NOW, THEREFORE, in consideration of the premises and of the mutual
covenants and agreements contained herein, the parties hereto hereby agree as
follows:
SECTION 1. Amendments of Certain Provisions of the Credit Agreement.
The Credit Agreement is, upon the occurrence of the Effective Date (as
hereinafter defined), hereby amended as follows:
(a) The preamble to the Credit Agreement is hereby amended to
replace the name "NATIONSBANK, N.A." in the second line thereof with
the phrase "BANK OF AMERICA, N.A. (formerly NationsBank, N.A.)".

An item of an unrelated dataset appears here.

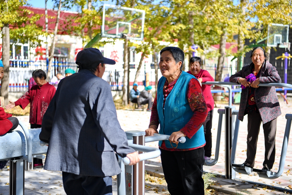 居住在河北省康保縣土城子鎮(zhèn)互助幸福院的老人們在院子里休閑(2023年10月14日攝)。新華社記者 牟宇 攝

(b) Section 1.01 of the Credit Agreement is hereby amended to
(i) replace the phrase "and Amendment and Waiver No. 4 to the Loan
Documents dated as of May 21, 1999" in the fifth line thereof with the
phrase ", Amendment and Waiver No. 4 to the Loan Documents dated as of
May 21, 1999, Amendment No. 5 to the Loan Documents dated as of April
7, 2000 and as further amended, amended and restated, supplemented or
otherwise modified from time to time in accordance with its terms", and
(ii) replace the name "NationsBank, N.A." in the ninth line thereof
with the phrase "Bank of America, N.A. (formerly NationsBank, N.A.)".
(c) The definition of "Available Assets" set forth in Section
1.01 of the Credit Agreement is hereby deleted in its entirety.
(d) The definition of "Base Rate" set forth in Section 1.01 of
the Credit Agreement is hereby amended to amend and restate clause (a)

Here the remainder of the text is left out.